Once portions of the meal have been triturated into 1- to 2-mm particles suspended in gastric juice, a linear phase of gastric emptying of the chyme begins. Recurrent gastric peristaltic waves mix saliva, acid, and pepsin with the chewed food and then mill the food to produce chyme. The normal peristaltic waves occur every 20 seconds, generated by 3-cpm slow waves linked to plateau and action potentials. In healthy subjects approximately 60% of the egg substitute meal has emptied in 2 hours, and more than 90% has emptied at 4 hours ( Fig. 50.11 ).
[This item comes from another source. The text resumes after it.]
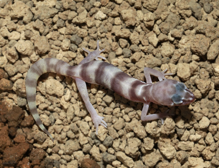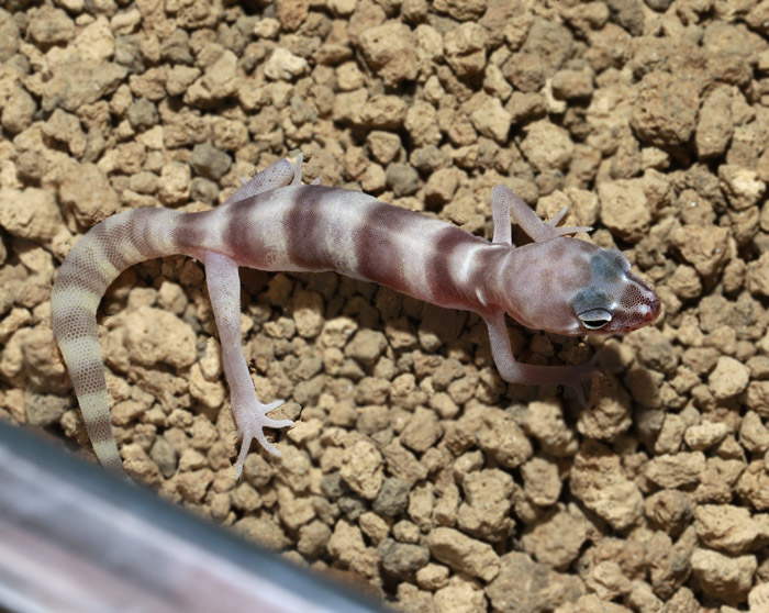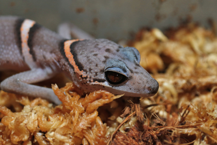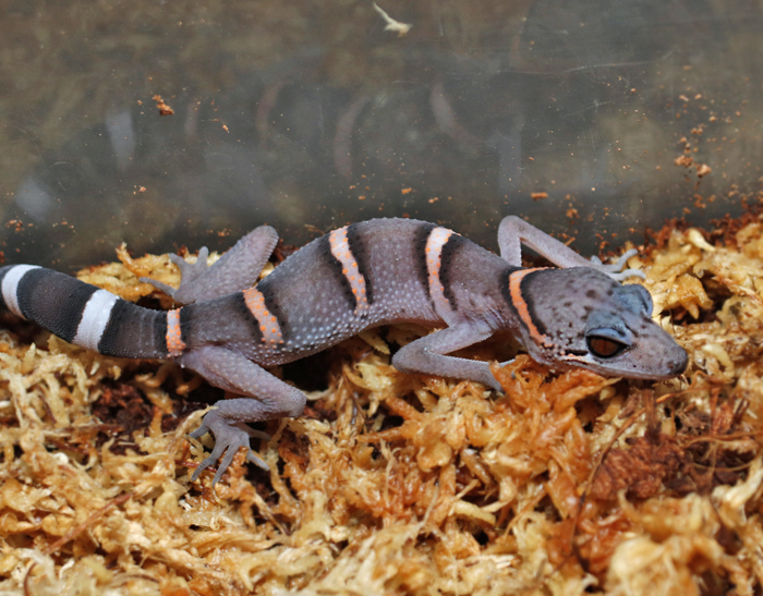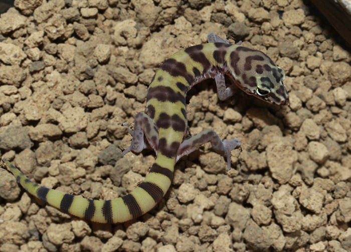 近似種のチワワトカゲモドキと違い、バンド模様は成熟しても明瞭…というか、よりくっきりとした縞になることが多いです。
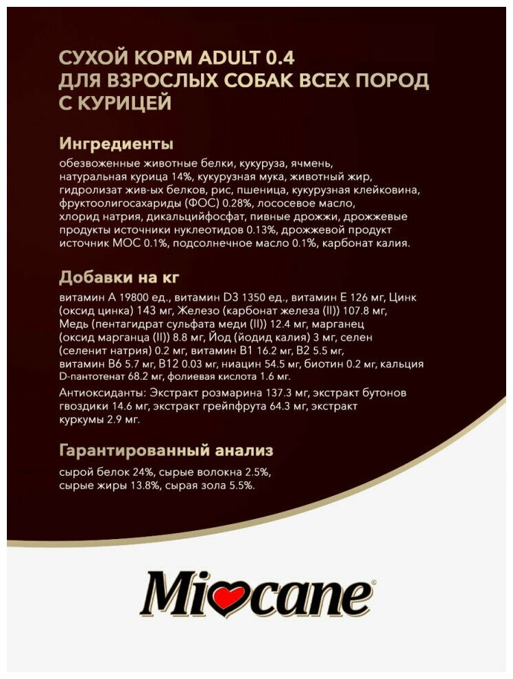 Корм для собак Корм сухой Miocane ADULT 0.4 для взрослых собак средних пород с большим содержанием куриного мяса, 3кг

During the linear phase of gastric emptying, each peristaltic wave empties from 3 to 4 mL of chyme through the open pylorus and into the duodenum. Movement of chyme into the duodenum is usually, but not always, pulsatile due to the systole-like effect of antral peristaltic waves. The volume of chyme delivered into the duodenum by each peristaltic wave is modulated by the configuration of the peristaltic wave (e.g., depth of contraction, length of the peristaltic wave), pressure within the stomach, and resistance to flow provided by the pyloric sphincter and duodenal contractions. ^, The gastric peristaltic wave delivers a larger “stroke volume” when the pylorus and the duodenum are relaxed to receive the aliquot of chyme, but the overall rate of calories delivered each minute to the duodenum is consistent at approximately 3 to 4 kcal/min.

As time elapses after ingestion of the meal, the chewed/swallowed food is continually redistributed from the fundus to the antrum for trituration. Some gastric peristaltic waves end at various points in the antrum and others end with a terminal antral contraction associated with closure of the pylorus that prevents the emptying of larger food particles or indigestible solids. These terminal antral and pyloric contractions result in delayed emptying of the solid particles in the corpus and antrum. The terminal antrum, the 3 to 4 cm of antrum immediately proximal to the pylorus, is also where the slow waves have the greatest amplitude and velocity (5). In this manner, solid food particles that require further trituration are retained and subjected further to the milling effects of the recurrent peristaltic waves.

The intragastric pressure and intraluminal pH values recorded after a healthy subject ingested an egg substitute meal are shown in Figure 50.12 . Approximately 3.5 hours after the solid meal was ingested, high-amplitude contractions (>65 mm Hg) occur just before the pH suddenly increases from 1 to 6 as the wireless motility/pH capsule is emptied from the acidic antrum into the more alkaline environment of the duodenum. After the digestible components of the meal are emptied, strong antral contractions (phase 3–like contractions) empty the capsule from the stomach into the duodenum. Thus, fibrous and indigestible materials are emptied by high-amplitude antral contractions, whereas the digestible nutrients in the chyme are emptied earlier by the lower-amplitude peristaltic waves during the linear phase of emptying.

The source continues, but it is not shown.